How can I find the inverse of this infinite triangular matrix?

Question

I want to find the inverse of the following matrix \begin{bmatrix} 1&0&0&0&0&\cdots&0&0&\cdots\\ 0&1&0&0&0&\cdots&0&0&\cdots\\ \binom{2}{0}&0&1&0&0&\cdots&0&0&\cdots\\ \binom{4}{1}&\binom{2}{0}&0&1&0&\cdots&0&0&\cdots\\ \binom{6}{2}&\binom{4}{1}&\binom{2}{0}&0&1&\cdots&0&0&\cdots\\ \vdots&\vdots&\vdots&\vdots&\vdots&\ddots&\vdots&\vdots&\ddots\\ \binom{2(n-1)-2}{(n-1)-2}&\binom{2(n-1)-4}{(n-1)-3}&\binom{2(n-1)-6}{(n-1)-4}&\binom{2(n-1)-8}{(n-1)-5}&\binom{2(n-1)-10}{(n-1)-6}&\cdots&1&0&\cdots\\ \binom{2n-2}{n-2}&\binom{2n-4}{n-3}&\binom{2n-6}{n-4}&\binom{2n-8}{n-5}&\binom{2n-10}{n-6}&\cdots&0&1&\cdots\\ \vdots&\vdots&\vdots&\vdots&\vdots&\ddots&\vdots&\vdots&\ddots& \end{bmatrix} in order to get a different approach to the question How can I find the general term of this recursive sequence?

Answer 1

Did you try to find it for the first terms such that you can justify that for 3x3 matrix or 4x4 matrix ? If you try to do that i thought that you will find same matrix with minus forms of binomial coefficents.

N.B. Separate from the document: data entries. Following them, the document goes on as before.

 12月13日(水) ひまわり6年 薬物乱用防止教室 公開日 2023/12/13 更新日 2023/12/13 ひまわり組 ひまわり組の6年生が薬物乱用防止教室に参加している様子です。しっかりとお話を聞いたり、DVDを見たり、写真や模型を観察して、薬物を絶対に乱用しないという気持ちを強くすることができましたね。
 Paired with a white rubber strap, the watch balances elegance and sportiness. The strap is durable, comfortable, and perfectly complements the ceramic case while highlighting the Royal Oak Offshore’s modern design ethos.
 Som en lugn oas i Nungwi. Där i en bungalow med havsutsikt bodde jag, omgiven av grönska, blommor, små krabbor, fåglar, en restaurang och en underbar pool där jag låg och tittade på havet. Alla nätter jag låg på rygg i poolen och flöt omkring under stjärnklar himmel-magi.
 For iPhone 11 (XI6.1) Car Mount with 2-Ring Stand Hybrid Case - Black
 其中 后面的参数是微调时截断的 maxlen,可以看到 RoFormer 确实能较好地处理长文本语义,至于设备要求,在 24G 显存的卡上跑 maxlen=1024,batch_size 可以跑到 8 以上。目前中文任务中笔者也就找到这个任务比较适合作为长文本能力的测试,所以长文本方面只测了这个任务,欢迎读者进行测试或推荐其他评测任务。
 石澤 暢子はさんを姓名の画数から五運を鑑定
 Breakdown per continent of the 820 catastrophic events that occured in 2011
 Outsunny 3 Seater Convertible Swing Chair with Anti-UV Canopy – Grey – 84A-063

If you reduce it to augmented matrix [A/I], then row reduced echelon form of A will be inverse of A such that [I/A^-1].

Answer 2

Hmm, I'm not sure where your problem is.

Let's consider $L$ as the empty-matrix with all entries in the first principal subdiagonal set to $1$.

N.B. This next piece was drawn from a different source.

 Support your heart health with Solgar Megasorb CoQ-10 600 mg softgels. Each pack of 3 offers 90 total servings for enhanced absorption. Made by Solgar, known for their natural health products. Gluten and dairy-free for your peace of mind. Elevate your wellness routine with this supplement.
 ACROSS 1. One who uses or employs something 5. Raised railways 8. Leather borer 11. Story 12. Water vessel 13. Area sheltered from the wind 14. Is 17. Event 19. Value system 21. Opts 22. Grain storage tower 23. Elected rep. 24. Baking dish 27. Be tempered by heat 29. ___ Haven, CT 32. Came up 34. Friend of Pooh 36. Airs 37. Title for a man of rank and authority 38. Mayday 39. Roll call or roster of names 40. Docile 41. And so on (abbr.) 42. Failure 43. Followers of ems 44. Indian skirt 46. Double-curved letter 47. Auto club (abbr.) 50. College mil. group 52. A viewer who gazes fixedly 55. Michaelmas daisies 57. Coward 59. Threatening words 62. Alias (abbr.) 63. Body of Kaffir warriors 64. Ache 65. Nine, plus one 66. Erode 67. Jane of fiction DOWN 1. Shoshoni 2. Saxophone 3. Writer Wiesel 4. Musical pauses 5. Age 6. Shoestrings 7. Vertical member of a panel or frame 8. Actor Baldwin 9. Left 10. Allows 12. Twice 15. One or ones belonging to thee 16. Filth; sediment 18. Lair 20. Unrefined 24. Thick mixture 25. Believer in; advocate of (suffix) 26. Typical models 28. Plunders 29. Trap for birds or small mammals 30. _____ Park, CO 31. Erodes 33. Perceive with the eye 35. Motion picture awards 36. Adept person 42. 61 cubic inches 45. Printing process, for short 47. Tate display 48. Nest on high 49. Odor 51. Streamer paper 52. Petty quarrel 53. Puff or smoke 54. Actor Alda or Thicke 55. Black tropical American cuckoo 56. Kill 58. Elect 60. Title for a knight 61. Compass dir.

Then your matrix $M$ can be written as evaluation of the power series $$ f(x)= x^0 + 0 \cdot x + \sum_{k=2}^\infty \binom{2k-2}{k-2}x^k \tag {1.1}$$ writing $$ M= f(L) \tag {1.2} $$ The reciprocal of $f(x)$ can be found by $$g(x)={1\over f(x)}= 1- (1 x^2+4 x^3 + 14 x^4 + 48 x^5 + 165 x^6 + 572 x^7 + ... +c_k x^k + ...) \tag {2.1} $$ By this the inverse of $M$ should be definable by $g(x)$ leading to $$ M^{-1}= g(L) = L^0 - (1 L^2 + 4 L^3 + 14 L^4 + 48 L^5 + 165 L^6 + 572 L^7 + ... +c_k L^k + ...) \tag {2.2} $$

and I think the coefficients $c_k$ have been discussed already in your earlier question.